Discrimination of Anopheles gambiae mosquitoes by age. Two groups (a and b) of Anopheles gambiae s.s (Kisumu strain) specimens of different ages were killed by freezing before REIMS analysis. Mosquitoes were raised on sugar solution, regardless of age. Differences between age groups were explored by PC-LDA and visualised using OMB (i) as well as R, in form of 3D models (using different linear discriminant combinations) (ii) and kernel density plots for each LD. The difference between classes in model a (built with 100 PCs in OMB and R) is only 24 h; nonetheless, a distinct group formation can be observed with chronological positioning within the 3D space, leading to a transition from younger to older samples. Model b (built with 88 PCs in OMB and 85 PCs in R), comprising young and old mosquitoes (2 groups each), revealed greater variance between the young classes than between the old.
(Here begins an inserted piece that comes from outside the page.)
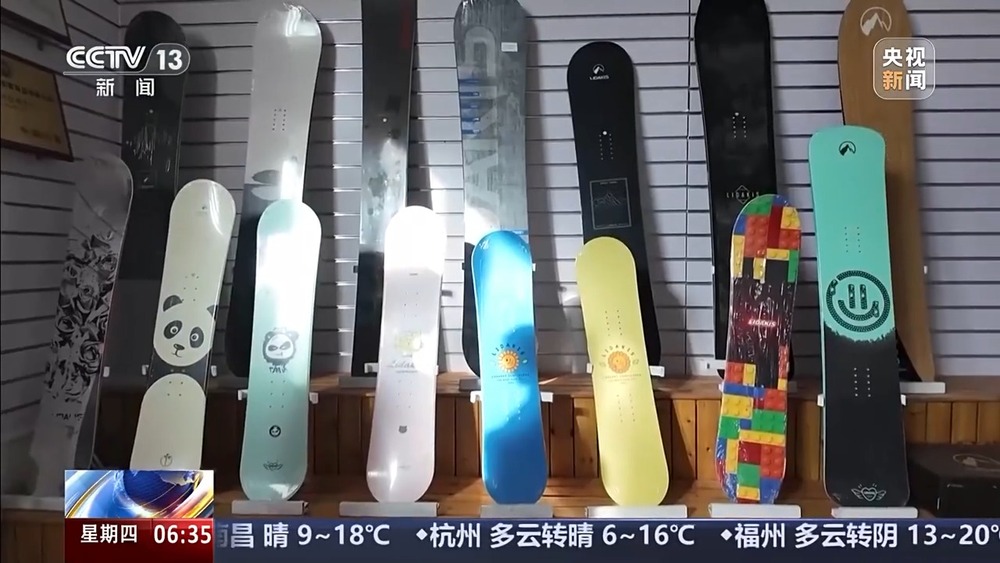 某冰雪裝備生產(chǎn)企業(yè)負責(zé)人 靳惠媛:2002年的時候,我正好是做外貿(mào)生意,趕上一個冬博會,走到一個展位上,全是板子。那時候沒有見過這樣的滑雪板。他說剛剛進入中國,在國外特別流行了,就進貨了10塊單板。

Sample numbers per class, model a: 0–1 day (n = 47), 2 days (n = 84), 3 days (n = 39), 4 days (n = 27), 5 days (n = 30); model: 0 days (n = 17), 1–2 days (n = 29), 12 days (n = 46), 13 days (n = 83)

To test the discrimination with greater age separation, a second set of An. gambiae s.s was analysed, focusing on more broadly spaced age groups: very young (0 days or 1–2 days) and old (12 days or 13 days) (Fig. 5b). We adopted different age classes to protect against an artefactual separation across a single age class. Again, samples were grouped according to their age class, however, with unequal separation between the three classes. The difference between mosquitoes that had just emerged (day 0) and those that are 1–2 days old was greater than the difference between adults at 12 days and 13 days, which could reflect metabolic and developmental changes in the first 24 h after emergence from pupae. This difference in variance can also be clearly seen in either scatter or kernel density plots; both LD 1 and 2 are adding to the separation of the young mosquitoes, whereas LD 3 was able to provide limited variance to distinguish between 12- and 13-day mosquitoes.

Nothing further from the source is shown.